**Your assignment:**
Print exactly the lines of the listing below from the one containing "米兰 弗里克:霍安今天展示出一都实力 阿劳霍的进球特别贫穷" through the final line, both included, and no pictures.

**Records provided:**
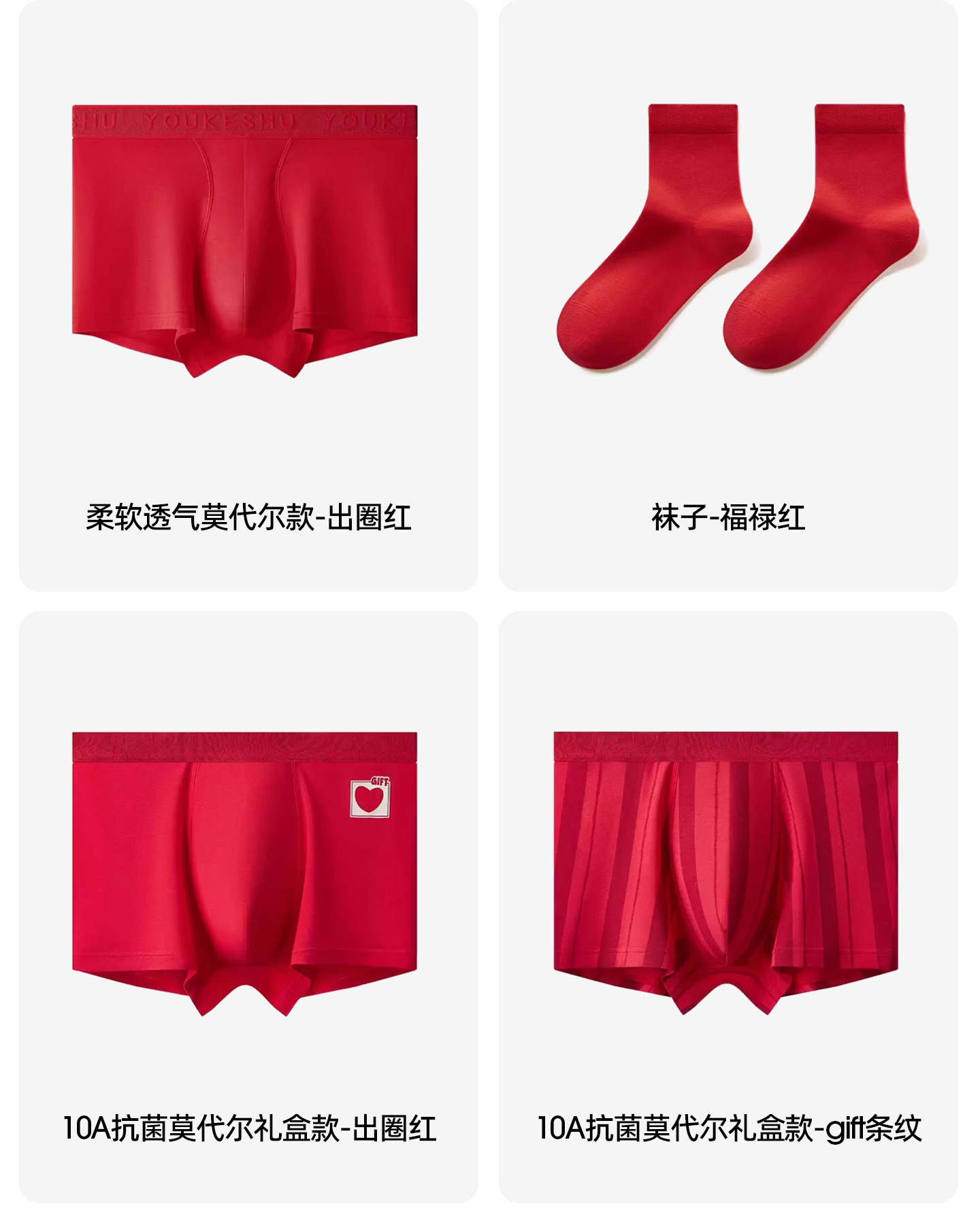 Men's Red Underwear for the Year of Birth, 10A Pure Cotton Antibacterial Crotch, Men's Gift Box Red Shorts
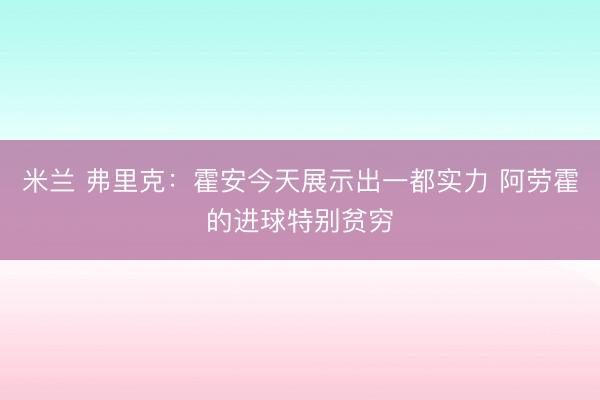 米兰 弗里克:霍安今天展示出一都实力 阿劳霍的进球特别贫穷
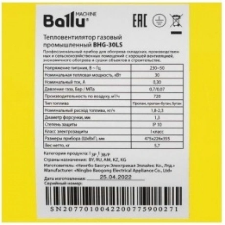 Отзывы о товаре Пушка тепловая газовая Ballu BHG-30LS
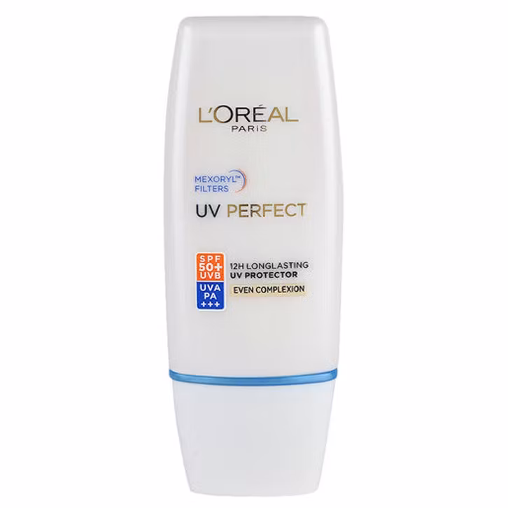 L'Oreal UV Perfect 12H Longlasting UV Protector innehåller patenterade Mexoryl SX & Xl som erbjuder UVB & UVA-skydd och förhindrar uppkomsten av bruna fläckar, mörkare hud, förtidiga åldrande av hud.matthet, förlust av elasticitet, lossning av hudens textur och ökning av rynkor.
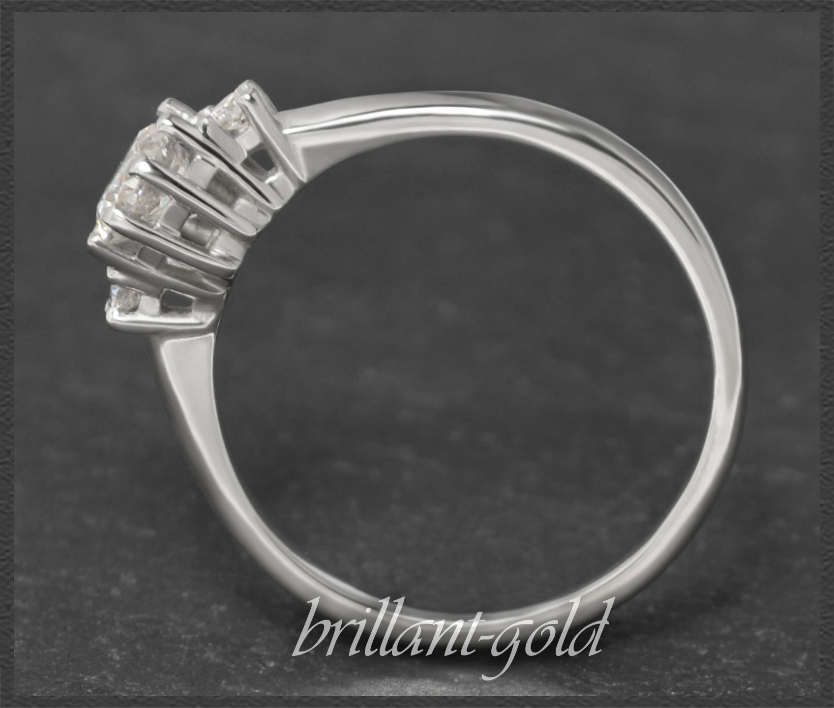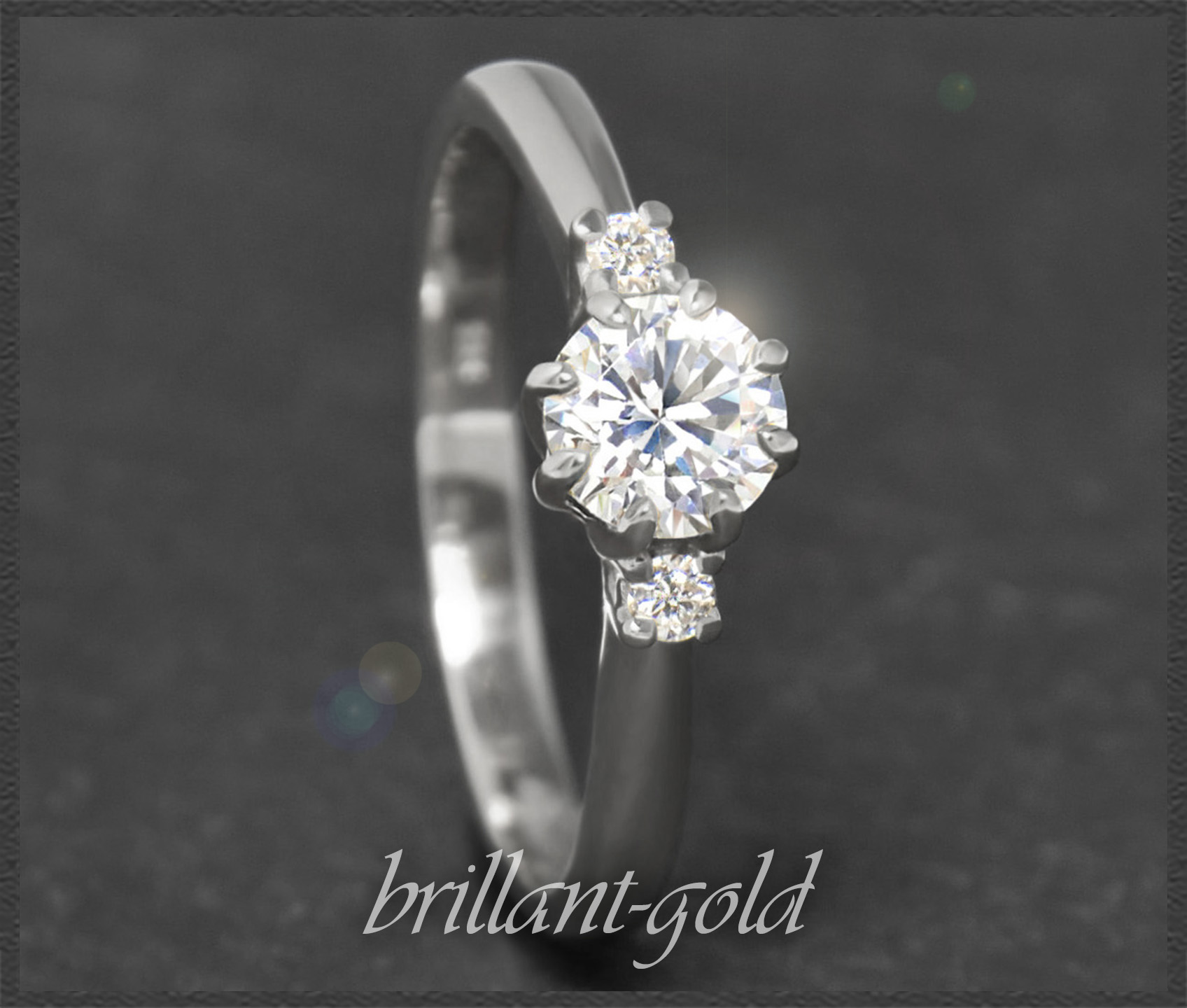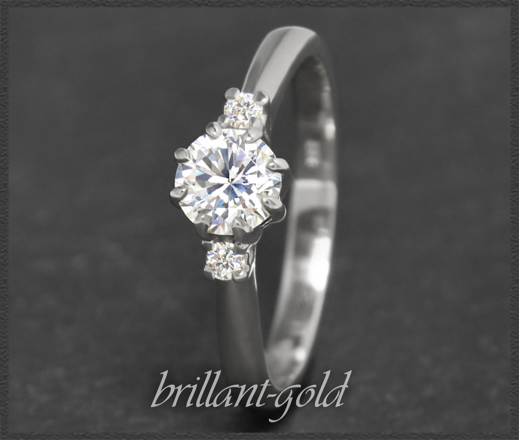 Als Solitär gefasst wurde ein 0,60ct Brillant in hervorragender Qualität (River E & VVS2), der seitlich von zwei kleinen Brillanten in TOP Qualität verziert wird. Die Brillanten funkeln fantastisch im Licht.

**Result of the task:**
 米兰 弗里克:霍安今天展示出一都实力 阿劳霍的进球特别贫穷
 Отзывы о товаре Пушка тепловая газовая Ballu BHG-30LS
 L'Oreal UV Perfect 12H Longlasting UV Protector innehåller patenterade Mexoryl SX & Xl som erbjuder UVB & UVA-skydd och förhindrar uppkomsten av bruna fläckar, mörkare hud, förtidiga åldrande av hud.matthet, förlust av elasticitet, lossning av hudens textur och ökning av rynkor.
 Als Solitär gefasst wurde ein 0,60ct Brillant in hervorragender Qualität (River E & VVS2), der seitlich von zwei kleinen Brillanten in TOP Qualität verziert wird. Die Brillanten funkeln fantastisch im Licht.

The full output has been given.